1) Majority of people (vast majority) with season tickets will travel on the same services to and from work, and will be able to pre-book a seat well in advance, days if not weeks, even months. There should be a refundable deposit for this in my view, although how you reclaim it (tapping in?) is anyone's guess.

2) If the worse happens and you can't book a seat e.g. because you've finished work late AND there's zero capacity left on a InterCity service, then on those rare occasions you can get the slow train home.

How would 2 work betwen lets say Leeds and Brighouse, when the only option is the slow train (the Leeds to Wigan service). Most of the office wollers in Leeds live either in the posh flats at Mill Royd Mill or in the new builds on Lillands Lane (which can be seen from the railway line when heading towards Sowerby Bridge) or at Bailliff Bridge (once delivered a parcel to one who reconised me). Would they have to queue up at the ticket machines at Brighouse as there is no ticket office to buy a set time reservation where flexibility is thrown out the window or could they simply think screw this I'll resort to using my private vehicle from now on?

Having a no reservation no ride policy sounds too dictatory, too regimental to me.

One of the two jobs that I do I have to be flexible, which means reservations simply will not work as I could be called out and expected to arrive within 24 hours of the intital call out. This won't change if I get a promotion or not, I'm still expected to do the job.

If the system could guarantee a seat that met all your requirements (direction, window/aisle/middle, power socket, luggage rack nearby, actually having a window, near the toilet, opposite the disabled bay your grandmother is traveling in, etc) and guarantee you the space (so no sharing a table with the business person reading his broadsheet newspaper, someone who's bought the entire KFC menu to snack on and the parent with baby and toddler who don't want to sit still) then I can guarantee I will sit in that seat.

Without those guarantee's there are times I'm going to ignore the seat I've been told to sit in and go stand in a vestibule or find a better unoccupied seat.

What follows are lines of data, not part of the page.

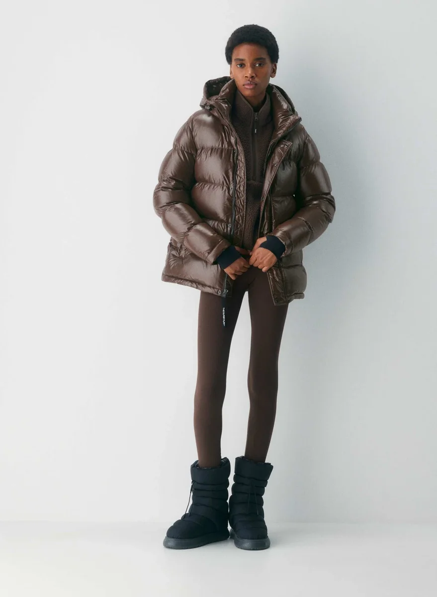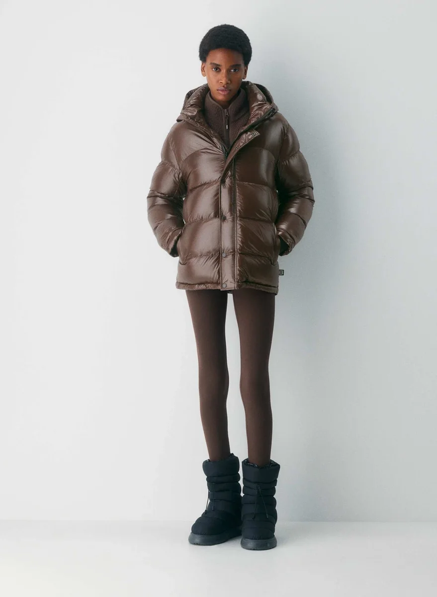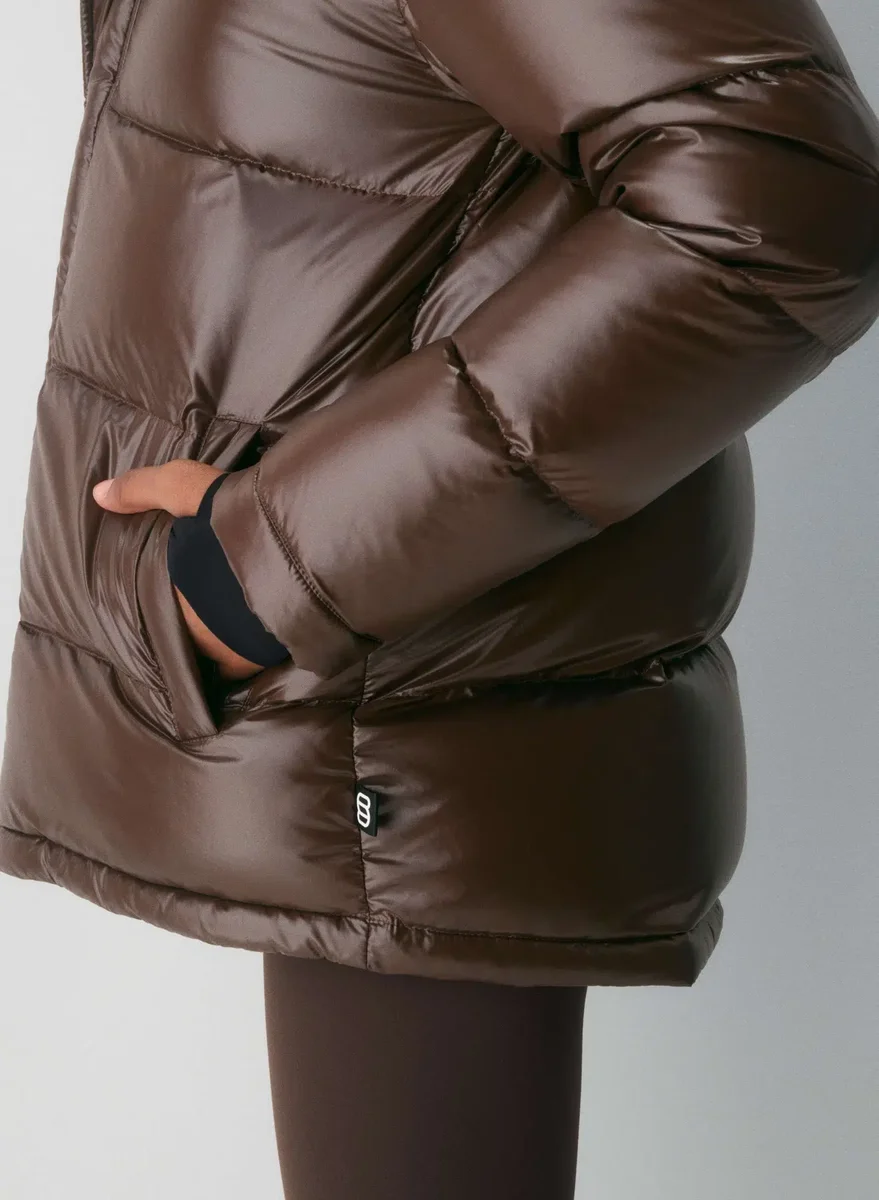 Engineered to deliver warmth to -30°C / -22°F, This Super Puff™ features a cinchable weather-shield hood, a Cozy Collar™ and will keep you super warm where it counts. It’s filled with 100% responsibly sourced, 800+ fill-power premium down that provides ultra-warm, lightweight insulation. This version is constructed with Hi-Gloss — water-repellent and wind-resistant taffeta from France with a glossy finish and a soft feel.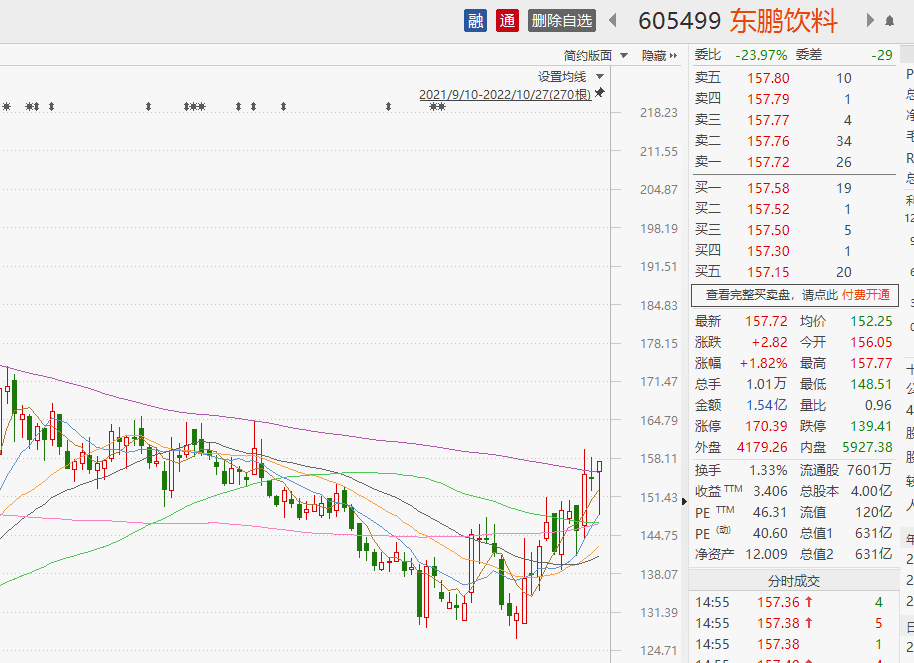 从二级市场表现来看,东鹏饮料2021年5月上市后节节攀升,并最高触及280.44元/股的高点,市值突破1100亿元。随后公司股价下行后维持震荡,最新股价为157.72元/股。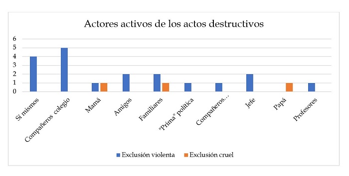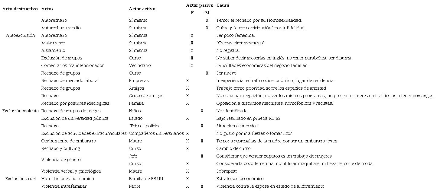 En la Tabla 2, se pueden observar los hechos que narraron los estudiantes, sus causas, actores pasivos y activos, y la clasificación otorgada según el tipo de acto destructivo, se destaca que una buena parte de los relatos hacen referencia a causas de exclusión de tipo estructural como el machismo, el difícil acceso a la educación superior pública y al mercado laboral, temas económicos, estereotipos sociales, entre otros. Evidenciando con ello que, a pesar de la corta edad de los y las participantes, han padecido de diferentes tipos de exclusión y generan igualmente autoexclusión al interiorizar esos juzgamientos y rechazos externos, una práctica que se retrató en el trabajo de Kerman (2010).

I don't care if I'm cluttering up the train or ruining someone's ambience by standing in the vestibule when I've been allocated the non-window-window seat and I'd be trapped in there by the student bringing 17 bags full of washing back to mum's. Especially if I'm only going to be on there for half an hour, standing is preferable.


Many of these arguments about the ambience of intercity travel on this thread just seem to me to be a complaint from business travelers who can't expense their first class tickets any more and won't pay for it themselves and want the whole train to be like they're used to traveling. I just want to see them constantly stuck in the middle of three seats on a damp 321 next to the doors as a result of compulsory reservations, I suspect they'd soon come around to the idea of standing sometimes being preferable!
I'd scrap first class and would rather make the business travellers put up with a knackered class 150 with broken seats, no sockets, the interior lights strobing and no table. They'd soon change their tune, if they want first class why not opt to use the car.

I prefer standing even if they are seats available.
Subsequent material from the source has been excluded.